RE: Attribute normalization from John Boyer on 2000-06-23 (w3c-ietf-xmldsig@w3.org from April to June 2000)

From: John Boyer <jboyer@PureEdge.com>
Date: Fri, 23 Jun 2000 15:48:11 -0700
To: "Kevin Regan" <kevinr@valicert.com>
Cc: <w3c-ietf-xmldsig@w3.org>
Message-ID: <BFEDKCINEPLBDLODCODKCEHHCDAA.jboyer@PureEdge.com>

Hi Kevin,

Good question.  #xD, #xA and #x9 can appear in a normalized attribute value
if they were created by character references.
This would not appear to be the case from the XML 1.0 spec (specifically the
passage you cited), but please see the XML errata [1,2].

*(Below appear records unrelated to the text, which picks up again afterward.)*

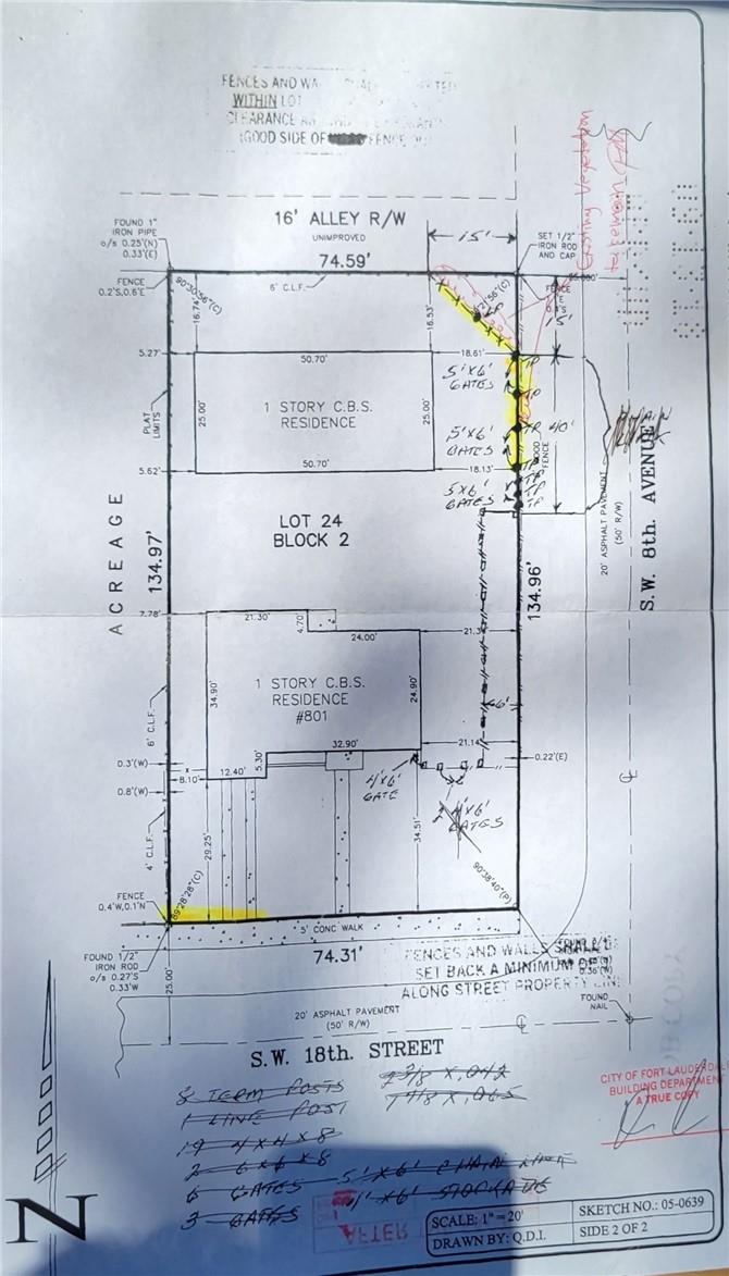 Rare Croissant Park 10,000 SF lot. 2/1 home that needs a total rehab, the value lies in this large lot and detached garage that is over 1250 SF w plumbing and electric. Layout on garage is a 1BR / Pool House and Room to Park 3 Cars inside + toys. Lot is on a corner with an alley easement giving access to multiple bay garage doors. Because of the alley easement you could easily separate both with a fence and use the back garage for personal use and keep the front house rented. Alternatively it would make a very cool whole home compound with an amazing detached living space and garage. Endless possibilities in one of Fort Lauderdale's best suburbs. <3 miles to the Ocean, 2 miles to Las Olas Night Life Dining & Shopping. Quick access to 95 / 595 for commutes & under 10 min to FLL Airport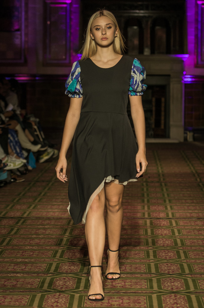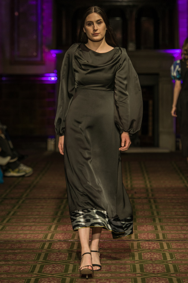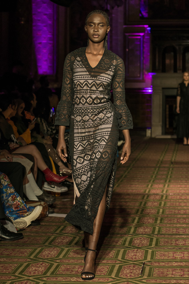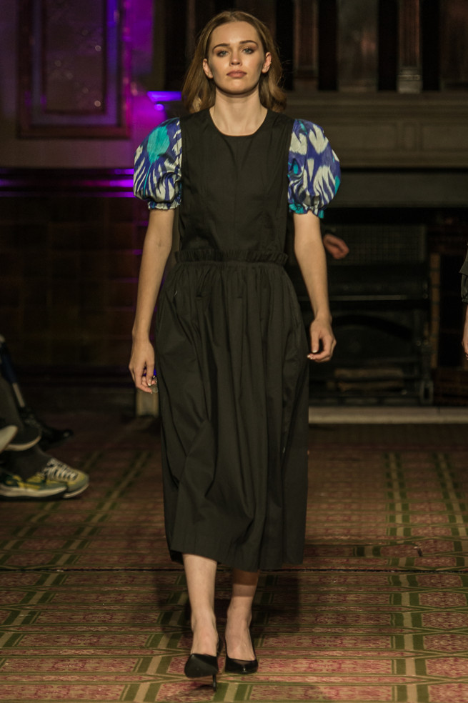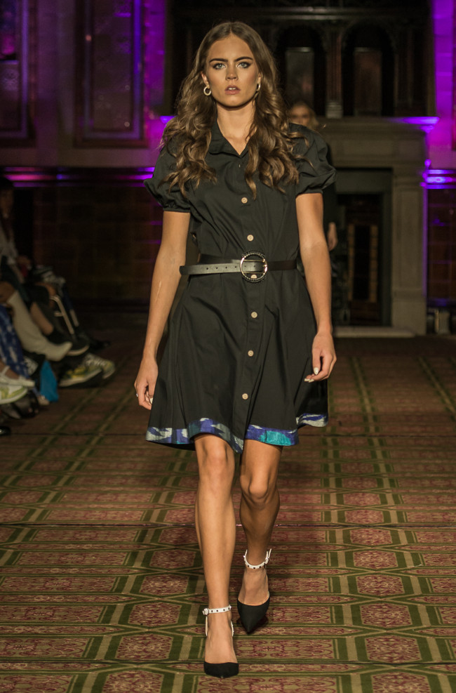 The collection is made in shades of black with trimmings made from multi-colour hand-woven Ikat fabric sourced from Uzbekistan.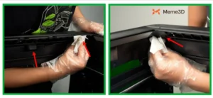 Lau sạch thanh dẫn hướng tuyến tính trục Y bằng vải không xơ đã được xịt cồn, sau đó di chuyển khung máy sang phía đối diện bằng tay và lau lại để đảm bảo toàn bộ trục được làm sạch kỹ lưỡng.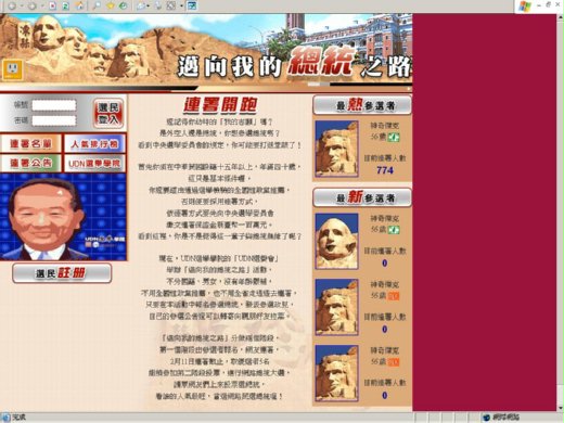 繼之前介紹過海報變裝秀與布狗言笑之後,今天介紹的是2004總統大選壓軸的網路行銷活動:邁向我的總統之路。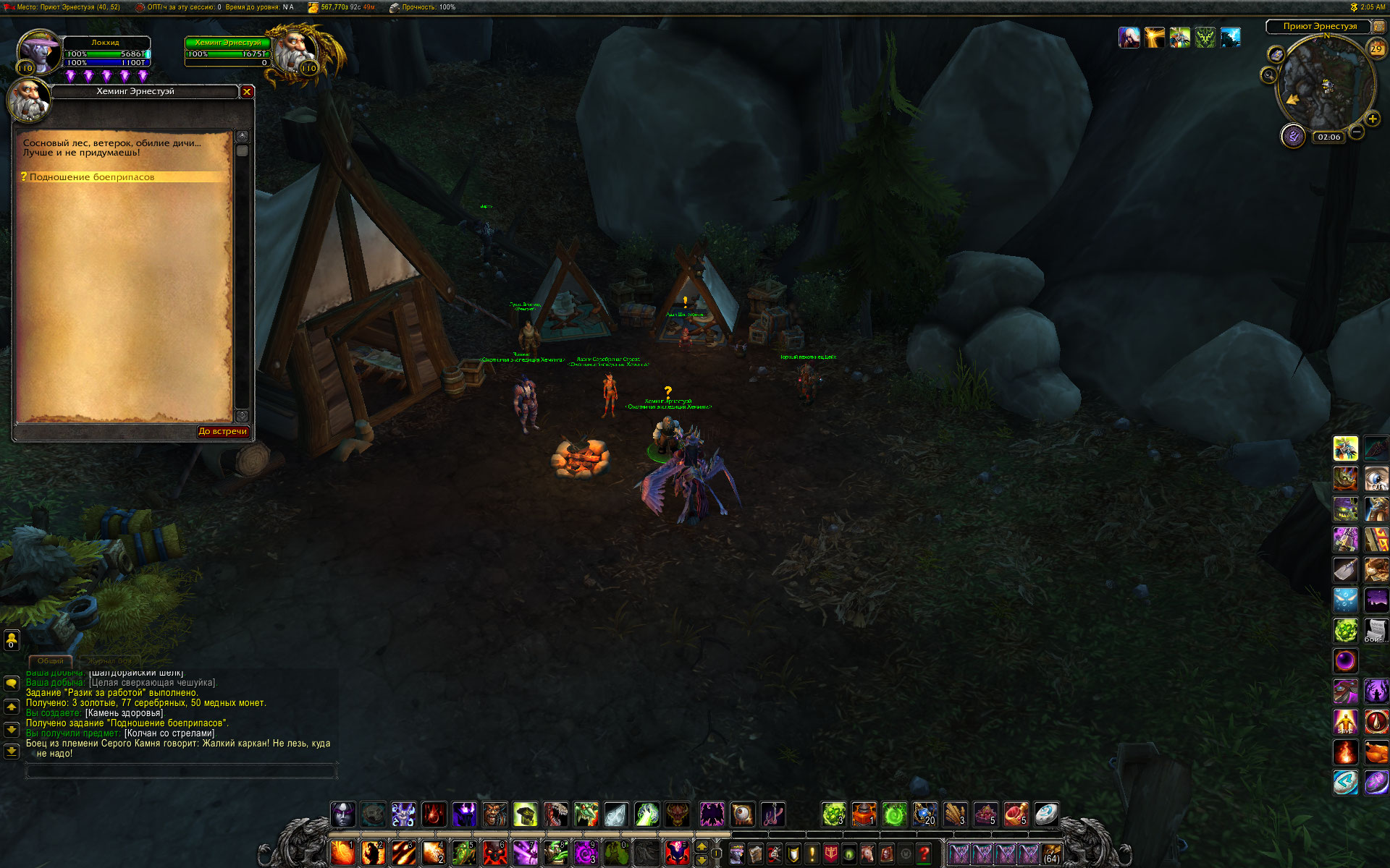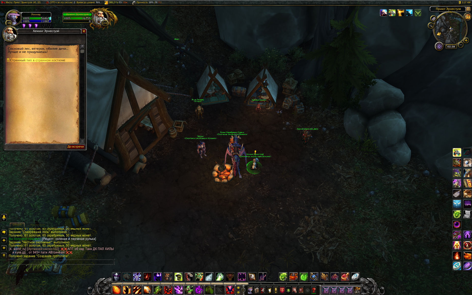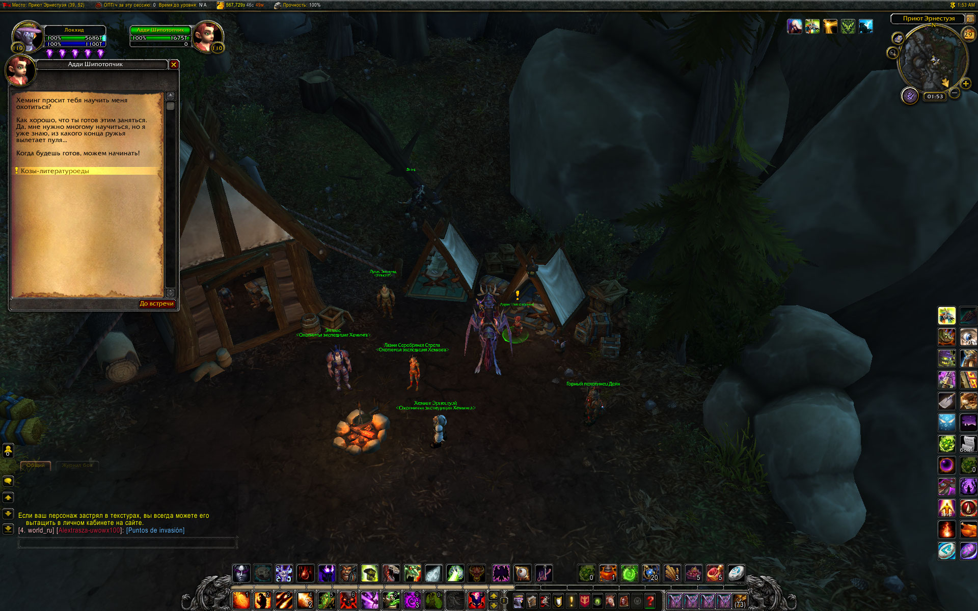 привет. А что говорит на этот счет аддон Btwquests? В нем конечно некоторые побочные цепочки с ошибками, но цепочка Эрнестуэя насколько помню прописана. Цепочка начинается у https://ru.wowhead.com/npc=99905 в Громовом тотеме с квеста https://ru.wowhead.com/quest=40217 Кстати там же в лагере начинается цепочка с мурлоками. Относительно недавно по моим меркам проходил эту цепочку, добывал игрушку. Так что по идее все должно работать. |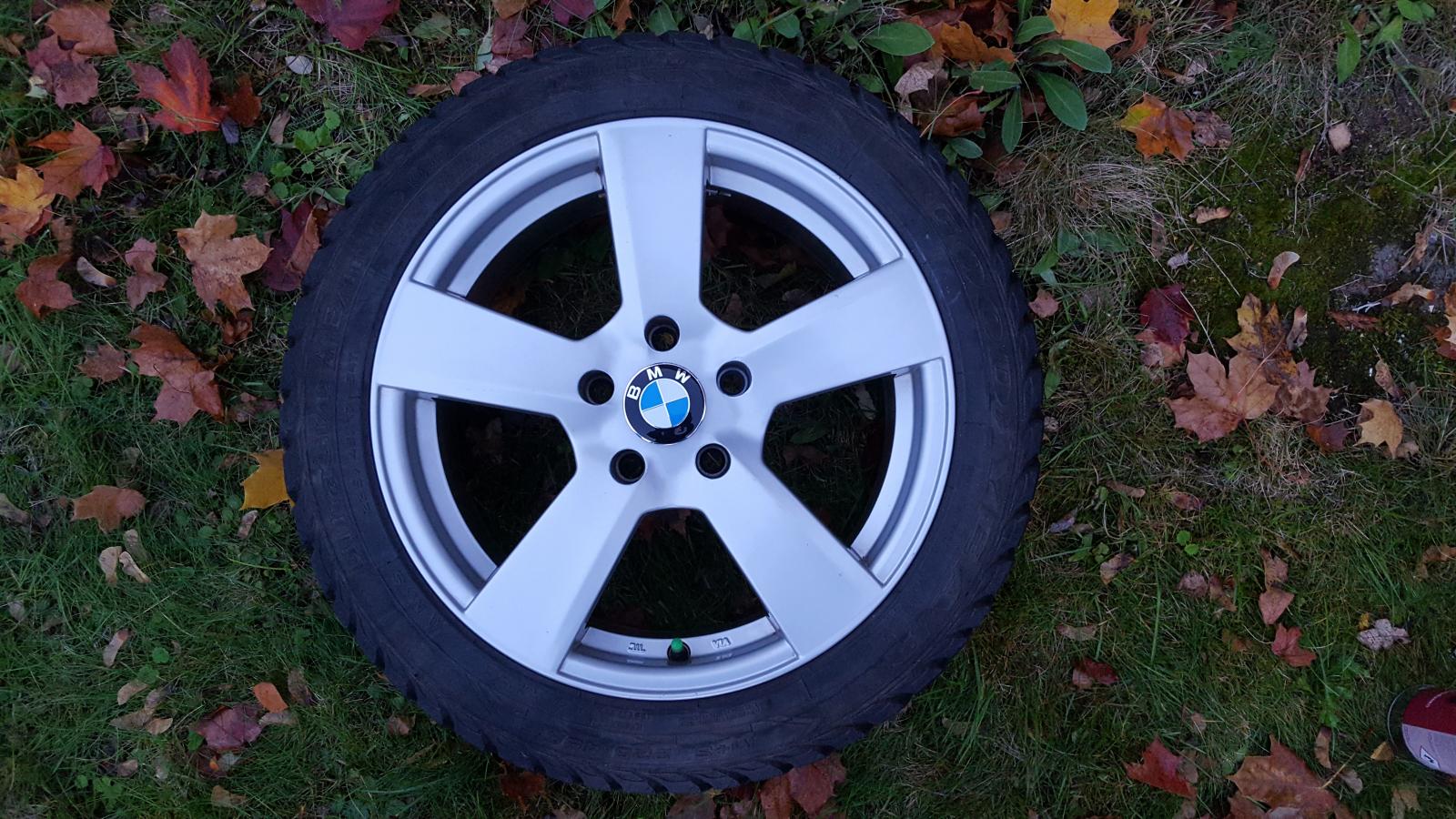 Renkaat lähes uudenveroiset, tasaisesti kuluneet, ajettu yksi talvi Etelä Ruotsissa, eli n.3 kuukautta. Vanteet myös uudenveroiset, ei kanttikivi osumia. Hienot, elegantit ja hopeiset vanteet joihin sopii esim. BMW keskiömerkki.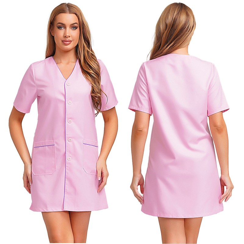 Short-sleeve style keeps you cool during work, which is a practical choice for beauticians or those in similar occupations who are often on the move.

[1] http://www.w3.org/XML/xml-19980210-errata#E24
[2] http://www.w3.org/XML/xml-19980210-errata#E61

Thanks,
***************************************
John Boyer,
Software Development Manager

PureEdge Solutions (formerly UWI.Com)
Creating Binding E-Commerce

v:250-479-8334, ext. 143 f:250-479-3772
1-888-517-2675  http://www.PureEdge.com
***************************************



-----Original Message-----
From: w3c-ietf-xmldsig-request@w3.org
[mailto:w3c-ietf-xmldsig-request@w3.org]On Behalf Of Kevin Regan
Sent: Friday, June 23, 2000 3:26 PM
To: John Boyer
Cc: w3c-ietf-xmldsig@w3.org
Subject: Attribute normalization



I have a question on section 4 of the XML C14N spec.  In this section,
it mentions the normalization of attributes:

-------------------------------------------------------

Namespace and Attribute Nodes- a space, the node's QName, an equals
sign, an open double quote, the modified string value, and a close
double quote. The string value of the node is modified by replacing all
ampersands (&) with &amp;, all double quote characters with &quot;, and
the whitespace characters #x9, #xA, and #xD, with character references.
The character references are written in uppercase hexadecimal with no
leading zeroes (for example, #xD is represented by the character
reference&#xD;).

--------------------------------------------------------

However, when an XML processor reads in and parses an XML document, it
should
do the following (from XML 1.0 spec, section 3.3.3):

----------------------------------------------------

3.3.3 Attribute-Value Normalization
Before the value of an attribute is passed to the application or checked
for validity, the XML processor must normalize it as follows:

-- a character reference is processed by appending the referenced
character to the attribute value
-- an entity reference is processed by recursively processing the
replacement text of the entity
-- a whitespace character (#x20, #xD, #xA, #x9) is processed by
appending #x20 to the normalized value, except that only a single #x20
is appended for a "#xD#xA" sequence that is part of an external parsed
entity or the literal entity value of an internal parsed entity
--other characters are processed by appending them to the normalized
value

If the declared value is not CDATA, then the XML processor must further
process the normalized attribute value by discarding any leading and
trailing space (#x20) characters, and by replacing sequences of space
(#x20) characters by a single space (#x20) character.

All attributes for which no declaration has been read should be treated
by a non-validating parser as if declared CDATA

--------------------------------------------------------

So, it seems that only #x20 characters will be seen in attribute values.
Why does the
spec mention the other values (#xD, #xA, #x9)?

Thanks,
Kevin Regan

kevinr@valicert.com

Received on Friday, 23 June 2000 18:48:16 UTC